At the same time, the company's financing costs significantly decreased by 15% to HKD 875 million, which is attributed to the reduction in the scale of interest-bearing liabilities and is closely related to the decline in market interest rates and the optimization of the company's financing structure. Guosen Securities' research report analysis believes that with the further decline in domestic and overseas interest rates, Shanghai Industrial Holdings' financing costs still have room for reduction, which will further alleviate financial burdens and enhance profitability Abundant cash flow provides a solid "safety cushion" for dividends, enabling Shanghai Industrial Holdings to deliver high-quality returns to shareholders. In the first half of 2025, the company declared a dividend of 42 Hong Kong cents per share, unchanged from the same period last year, with a total dividend amount of HKD 457 million. The dividend payout ratio increased from 38% in the same period last year to 43.8%. The company's decision to maintain dividends and increase the payout ratio during a short-term performance adjustment period highlights its commitment to shareholders and reflects the management's confidence in its business prospects, providing important support for long-term investors.

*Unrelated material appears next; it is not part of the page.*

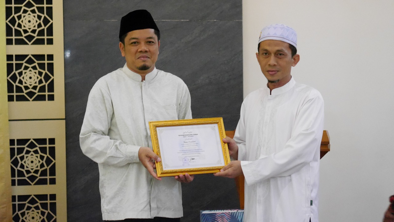 Penyerahan ucapan terimakasih secara simbolis, yang diberikan langsung oleh Ustadz Abdus Salam, Lc.
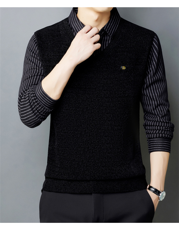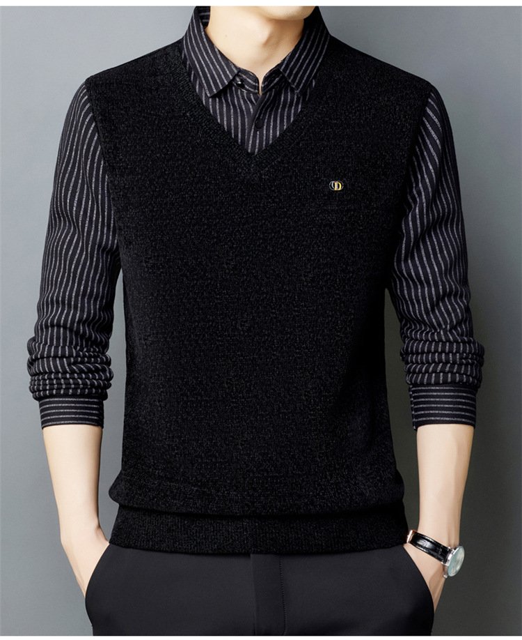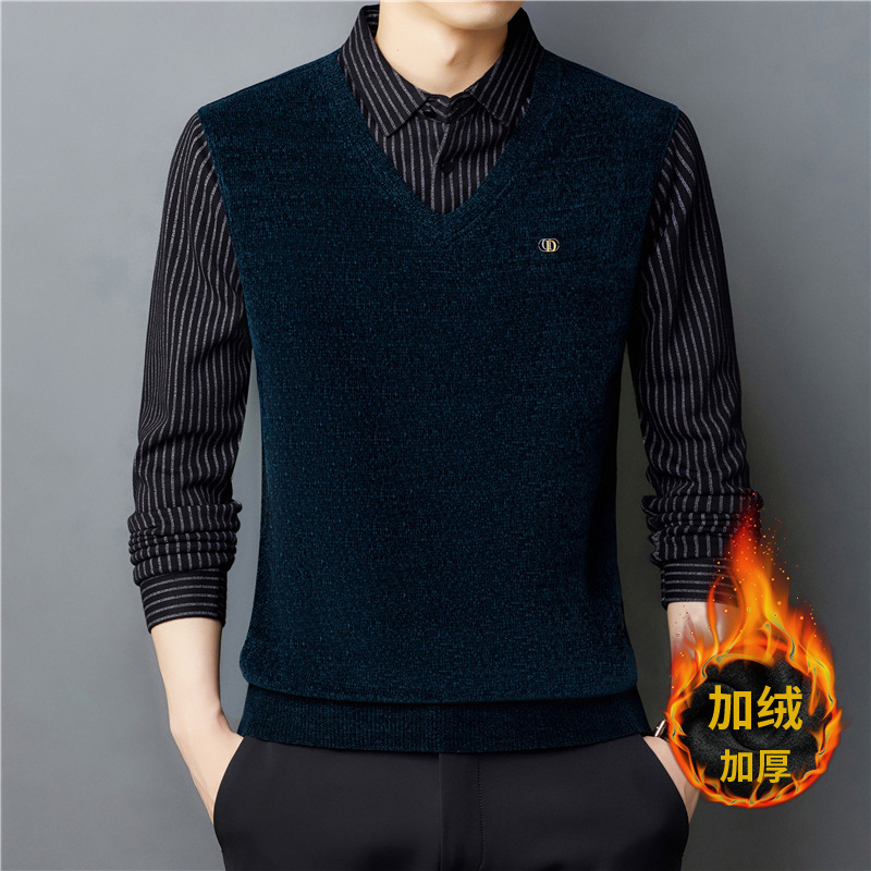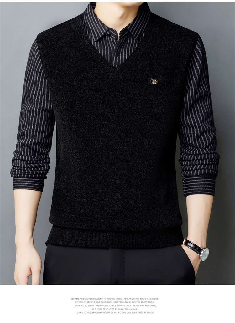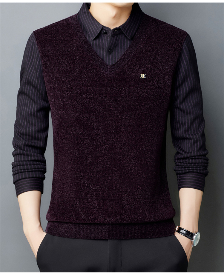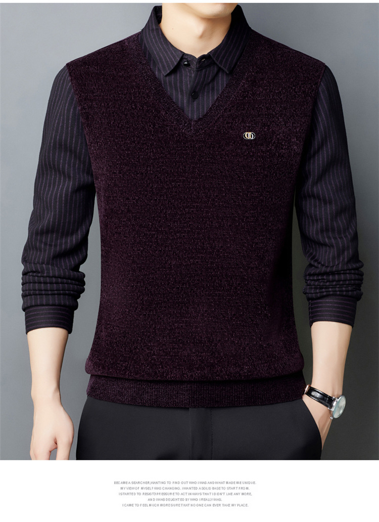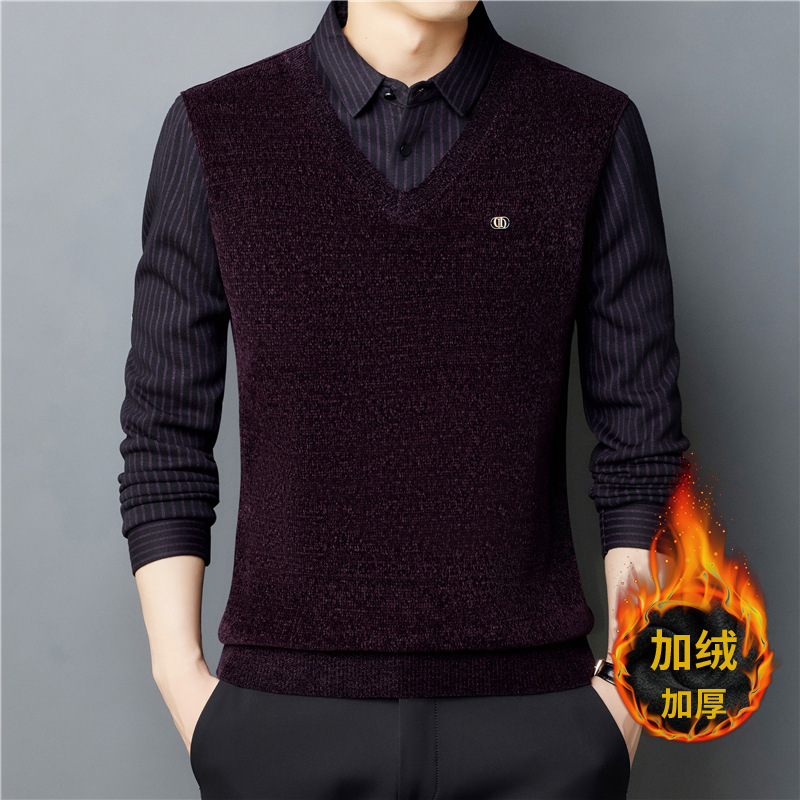 셔닐 가짜 투피스 스웨터 남자의 가을과 겨울 기모 두꺼운 니트 베이스 셔츠 청소년 따뜻한 셔츠 칼라 탑

A "cyclical complementarity" business ecosystem builds a risk-resistant moat
The long-term investment value of Shanghai Industrial Holdings lies in the cyclical complementarity of its different business segments, which is particularly evident in the first half of 2025. When the real estate business faces cyclical pressure, the counter-cyclical nature of the infrastructure and environmental protection business becomes a stabilizing "ballast" for profits; the consumer goods business, with its growth attributes, serves as a profit growth engine, thus forming a hedging effect of "support during downturns and incremental growth during upturns." This risk resistance brought about by cyclical complementarity is difficult for single-business companies to achieve and provides fundamental support for maintaining stable dividends and long-term development in a complex market environment.

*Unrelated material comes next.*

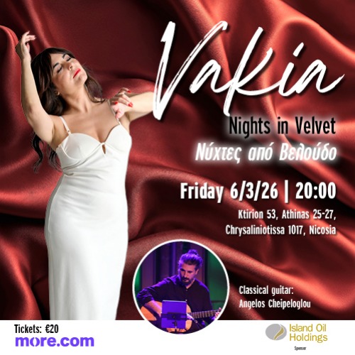 Η Βάκια Σταύρου, η διεθνούς φήμης Κύπρια ερμηνεύτρια και τραγουδοποιός, επιστρεφει για μια τελευταία βραδιά στο Κτιριο 53, τον ζεστό και ομορφο χώρο στην Λευκωσία προτού συνεχίσει την πορεία της στο εξωτερικο για τις επερχόμενες εκεί προγραμματισμένες συναυλίες της στην Ευρωπη, Ασία και Λατινική Αμερική.

Specifically, the infrastructure and environmental protection business contributed a net profit of HKD 933 million in the first half of the year, accounting for 92.2% of the company's net profit.
In detail, Shanghai Environment, as the core platform for the company's water and environmental protection business, achieved revenue of RMB 3.177 billion in the first half of the year, with a net profit attributable to the parent company of RMB 344 million, a year-on-year increase of 7.1%. The profit growth of Shanghai Environment is mainly attributed to the optimization of its financing structure, with financial expenses decreasing by 12.5% year-on-year. The toll road business continues to bring stable cash flow to the company, achieving toll revenue of HKD 1.019 billion in the first half of the year, with a net profit of HKD 548 million, representing year-on-year growth of 5.1% and 0.5%, respectively.

The consumer goods business achieved a net profit of HKD 403 million in the first half of the year, a year-on-year increase of 26.0%, accounting for 39.8% of the company's net profit. Among them, Nanyang Tobacco performed particularly well, achieving sales of 746,000 cases, a year-on-year increase of 31.1%; it generated revenue of HKD 1.273 billion and a net profit of HKD 337 million, representing year-on-year growth of 16.4% and 20.0%, respectively. The health business achieved a net profit of HKD 141 million in the first half of the year, a substantial year-on-year increase of 118.4%. This growth is mainly due to the outstanding performance of Shanghai Pharmaceuticals, which achieved a net profit of RMB 834 million during the period, a year-on-year increase of 39.5%.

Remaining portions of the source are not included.